Data to process ->

# # # # # # #

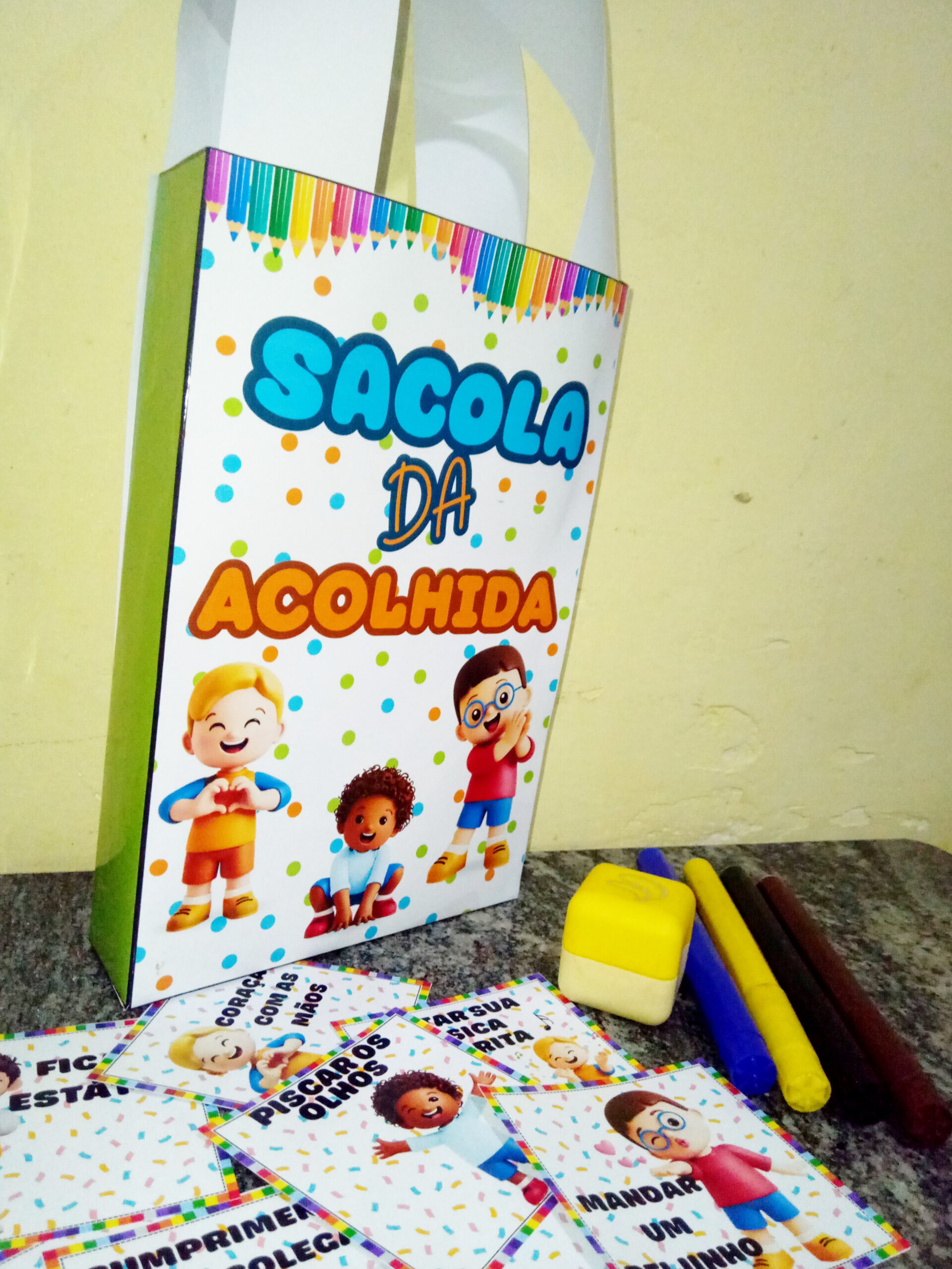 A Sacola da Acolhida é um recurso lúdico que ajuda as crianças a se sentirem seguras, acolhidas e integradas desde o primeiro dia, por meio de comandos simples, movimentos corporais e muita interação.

# # # # # # #

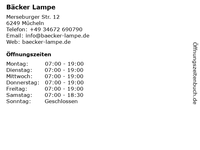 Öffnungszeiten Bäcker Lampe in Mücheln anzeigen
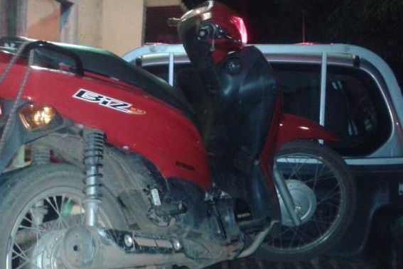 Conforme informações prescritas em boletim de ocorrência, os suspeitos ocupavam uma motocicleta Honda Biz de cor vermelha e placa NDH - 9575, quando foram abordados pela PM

# # # # # # #

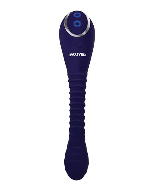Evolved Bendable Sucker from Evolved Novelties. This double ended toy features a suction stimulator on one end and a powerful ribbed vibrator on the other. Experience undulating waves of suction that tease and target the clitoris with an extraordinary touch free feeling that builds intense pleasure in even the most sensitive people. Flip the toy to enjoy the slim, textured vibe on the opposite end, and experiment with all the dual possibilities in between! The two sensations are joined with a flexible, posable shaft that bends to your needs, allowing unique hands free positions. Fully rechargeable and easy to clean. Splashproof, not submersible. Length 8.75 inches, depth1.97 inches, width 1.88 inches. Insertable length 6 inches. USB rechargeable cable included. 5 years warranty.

# # # # # # #

Required work ->
Above are some records. Reproduce the lines from the one with "Öffnungszeiten Bäcker Lampe" down to the one with "Conforme informações prescritas", keeping both, and leave every picture out.

Result of the exercise ->
 Öffnungszeiten Bäcker Lampe in Mücheln anzeigen
 Conforme informações prescritas em boletim de ocorrência, os suspeitos ocupavam uma motocicleta Honda Biz de cor vermelha e placa NDH - 9575, quando foram abordados pela PM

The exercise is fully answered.